In 2017 Google summer of code I was involved in the project by AerospaceResearch.net called „Orbit position data analysis and interpolation“. Mainly, the project focused on methods and techniques that are used to preliminary determine a satellite orbit. More specifically, we initially had positional data sets in the format of (time, x, y, z) and we applied to them some smoothing – filtering techniques (Savintzky – Golay, Triple moving average) and then some methods for preliminary orbit determination (Lambert’s solution, Spline Interpolation). This project was created from scratch, meaning no prior work has been done. It was also applied not only to me, but also to another GSOC student Nilesh Chaturvedi, with whom we had great communication and cooperation leading to some good and interesting working results. The mentor of the project was Andreas Hornig and his insights and guidance provided us lots of help. Before I continue describing some more technical aspects of the project I would like to point out the github repository, which includes all the coding we did as part of the program and the documentation link for the project.
The programming language used for the project was Python 3.4 / 3.5 and libraries that are a core part of the project are Numpy, Matplotlib, Scipy, Pykep and Pytest. The very first coding I did as part of the program was, to get familiar with the data sets we are dealing with and try to perform some basic statistical filtering and create some graphs with matplotlib. Then, I dived deep into smoothing techniques and tried a lot of methods like median filters, FIR filters and Kalman but after many tests, I decided to use the Savintzky – Golay filter which was giving the best results for this kind of data I had. After applying the filter to my data set I quickly moved into creating some code for finding the keplerian elements (keplerian elements = orbit of the satellite) for all these data points I have. I researched a bit about methods for preliminary orbit determination and decided to go for Lambert’s solution and more specifically I decided to use Pykep library which has the method already implemented. So for every 2 points of the 8000 points data (leading to 7999 solutions) set I had, I solved the orbit determination problem and found lots of orbits.
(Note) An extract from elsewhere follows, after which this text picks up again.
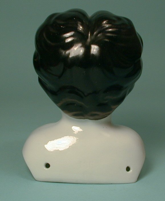 What a wonderful, large-size china head (head only) made by the German firm of Hertwig c. 1880. This splendid large size head makes a doll around 18" or 19" high....needs an early cloth or leather body. Very well made, she has great detailing and hand painted features--pale blue eyes, with red and black outlining on the upper lids and a well-formed small mouth and prnounced chin. The black hair has a very deep center part with good detailing of curls and waves....ears are partially exposed. Incised on the back 136/6 which can vaguely be seen in the photo. Overall height of head is 4 3/4", from inside shoulder to shoulder is 3 3/4". There is a small, very faint hairline on the front of the bottom of the shoulderplate about 1" long--it is faint and doesn't even show up on the photo. The rest of the china head is beautiful. This is great for displaying on it's own on a shelf, or for someone who has an old body or can make a body. These early large German china heads are getting harder and harder to find.

Now from all those 7999 different orbits described by 6 keplerian elements, I wanted to find the best approximation and I used Kalman filters to do that exactly. The results at first were not that good but combining my filter with Nilesh’s Triple moving average I managed to get some good approximations. After that, I created code for one more method for preliminary orbit determination called Gibb’s method. That algorithm though was really slow and it was not included in the final version of the program. One future plan I have for the program is to make this algorithm more „light“ so I can include it. Finally, lots of results are printed and graphs about the initial data, filtered data and final orbit are made to ensure the good presentation of the final computations. Into the whole process, lots of sub – functions and calculations needed to take place and they are located in the util directory. Into that directory a user can find algorithms that can transform cartesian to spherical coordinates, two algorithms to transform state vectors to keplerian elements and vice versa, one algorithm with a numerical integration method so that we make the final graph and one for finding the window for the Savintzky – Golay filter.
After finishing the core structure of the program the part of testing arrived, which was divided into two aspects. First was the unit testing with pytest and then massive testing with lots of satellite position data to find what combinations of algorithms function best or what windows and parameters I need to apply to the filters. For the first part, I created 15 general tests that achieved a pretty good coverage.